◆ **Data for this exercise**:

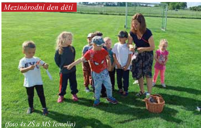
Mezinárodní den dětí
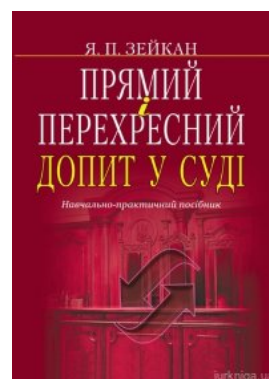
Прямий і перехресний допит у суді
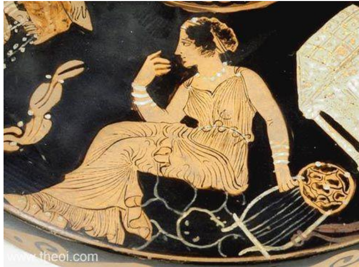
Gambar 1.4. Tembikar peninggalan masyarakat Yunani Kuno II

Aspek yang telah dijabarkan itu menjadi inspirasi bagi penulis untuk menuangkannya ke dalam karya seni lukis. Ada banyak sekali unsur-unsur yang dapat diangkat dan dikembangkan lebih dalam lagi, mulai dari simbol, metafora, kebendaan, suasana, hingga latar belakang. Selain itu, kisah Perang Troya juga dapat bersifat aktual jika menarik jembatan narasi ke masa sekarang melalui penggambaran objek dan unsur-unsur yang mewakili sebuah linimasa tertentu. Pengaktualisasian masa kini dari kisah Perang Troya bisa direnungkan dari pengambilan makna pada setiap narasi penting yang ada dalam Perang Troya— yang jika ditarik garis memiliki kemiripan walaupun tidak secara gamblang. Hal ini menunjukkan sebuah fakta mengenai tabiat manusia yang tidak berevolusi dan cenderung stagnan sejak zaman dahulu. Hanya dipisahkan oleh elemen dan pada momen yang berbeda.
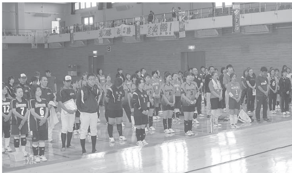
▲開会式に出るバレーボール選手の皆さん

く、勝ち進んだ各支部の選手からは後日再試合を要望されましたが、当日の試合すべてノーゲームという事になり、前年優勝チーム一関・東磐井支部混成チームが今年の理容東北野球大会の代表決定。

---

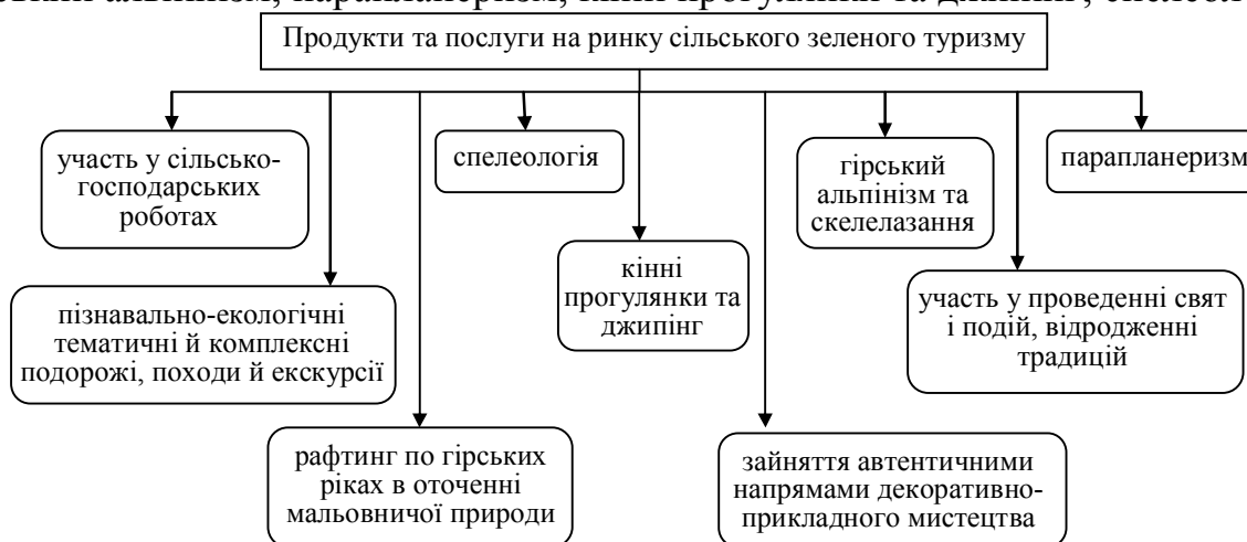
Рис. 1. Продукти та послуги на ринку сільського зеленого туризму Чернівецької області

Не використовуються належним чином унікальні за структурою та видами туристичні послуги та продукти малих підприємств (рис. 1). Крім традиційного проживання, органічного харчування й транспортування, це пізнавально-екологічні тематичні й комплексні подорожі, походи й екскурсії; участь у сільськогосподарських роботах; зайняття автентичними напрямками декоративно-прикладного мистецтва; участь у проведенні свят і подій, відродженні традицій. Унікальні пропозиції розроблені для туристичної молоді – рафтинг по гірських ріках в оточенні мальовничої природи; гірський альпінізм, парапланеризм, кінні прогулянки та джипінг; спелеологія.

◆ **Work required**:
Retype, exactly and with no pictures, everything above from the line with "Mezinárodní den dětí" down to the line with "Gambar 1.4. Tembikar", both included.

◆ **Task response**:
Mezinárodní den dětí
Прямий і перехресний допит у суді
Gambar 1.4. Tembikar peninggalan masyarakat Yunani Kuno II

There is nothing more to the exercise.